Martín Palmeri (born 1965) is an Argentine composer and conductor.

==Early life and education==
Palmeri was born in 1965 in Buenos Aires. He has trained in orchestral conducting, choral direction, composition, piano, and singing.

==Work==
His 1996 Misa a Buenos Aires, known as Misatango, combines the Roman Catholic Latin mass with music of the tango, in the nuevo tango genre.
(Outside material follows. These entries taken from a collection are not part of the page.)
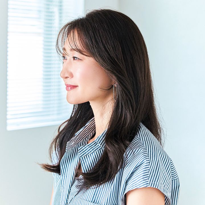 「前髪をかき上げるのがいい女の象徴でしたが、美ST世代にとって生え際はウィークポイントなので、隠すのがいちばん! 流行りの透けバングは少し切るだけで完成するので、初心者でも抵抗なく試せるはず。おでこが隠れる分、顔も小さく見えるいいことずくめの前髪です」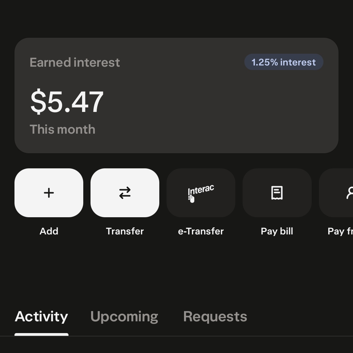 This means we will earn $7.71 in interest every single day we maintain a balance of $125,000 in our Wealthsimple Chequing account.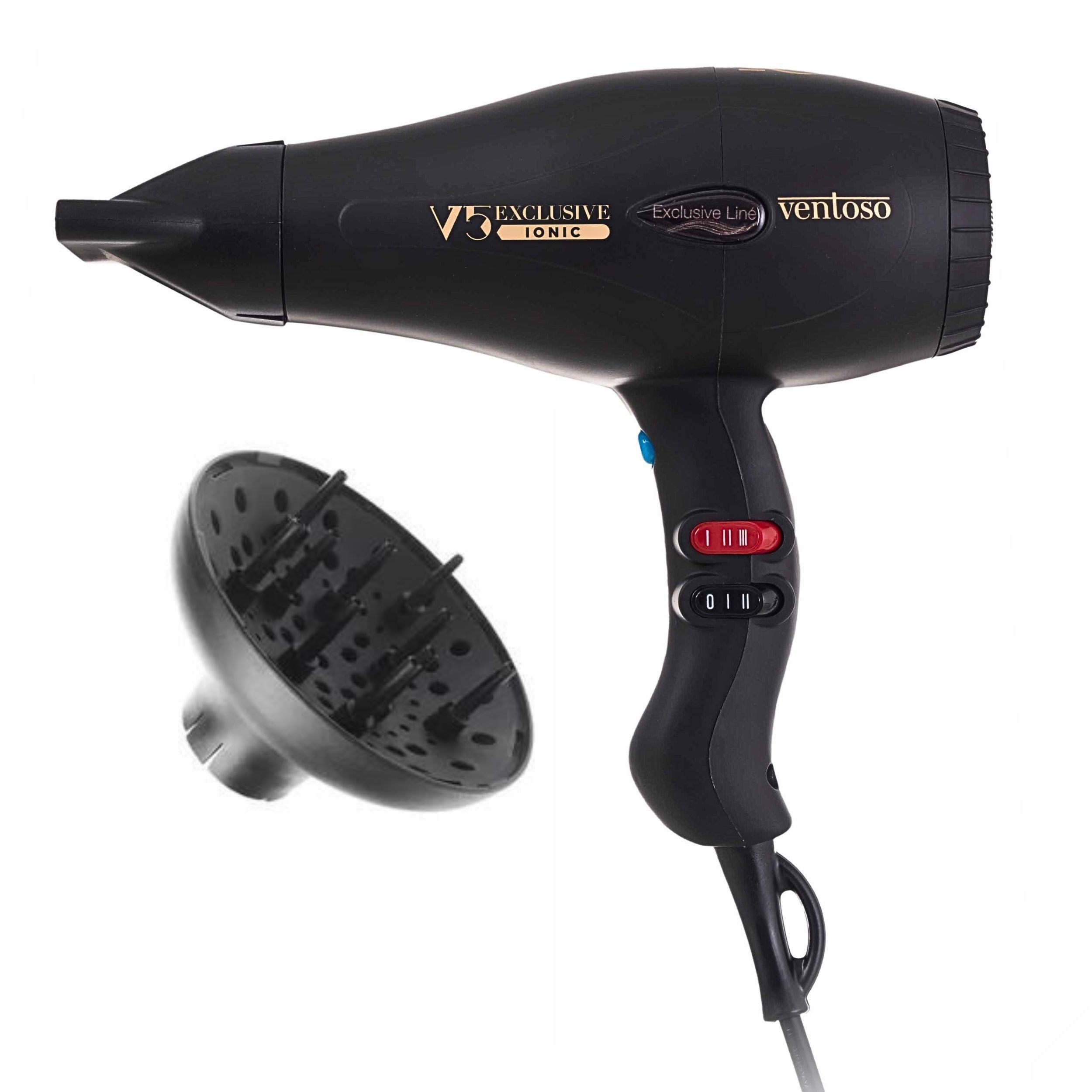 Gli asciugacapelli professionali Ventoso Exclusive Ionic, dotati di una potenza di 2500 W e di un livello di silenziosità di 63 dB, nonché di un generatore di ioni certificato TÜV, creano 20 milioni/cm3 di ioni negativi se applicati a una distanza di 10 cm.

It was first performed by the National Symphony Orchestra of Cuba, and was the opening piece for the 2013 International Festival of Sacred Music and Art in Rome, featuring Argentine singer Bernarda Fink, three bandoneons and the choir of Cologne Cathedral.

His other works include:
- Tango del Bicentenario (Bicentenary Tango)
- Canto de la lejanía (Song of Distance) (2010)
- Oratorio de Navidad (Christmas Oratorio), (2003)
- Mateo, an opera (1999)
- Fantasía tanguera (Tango fantasy) (2000)
- Presagios (Portents) (2001)
- Concierto para bandoneón (Bandoneon concerto) (2004)
- Concierto de danzas (Dance concerto)
- Negro y negro (Black and black)
- Sobre las cuatro estaciones (On the four seasons) (2004/2012)
- Magnificat (2012)
- Tango Gloria (2014)
- Amor América (2014)
- La Creación (2016)
- Tango Credo (2017)
- Laudate Pueri (2017)
- La Pasión según Astor (2021)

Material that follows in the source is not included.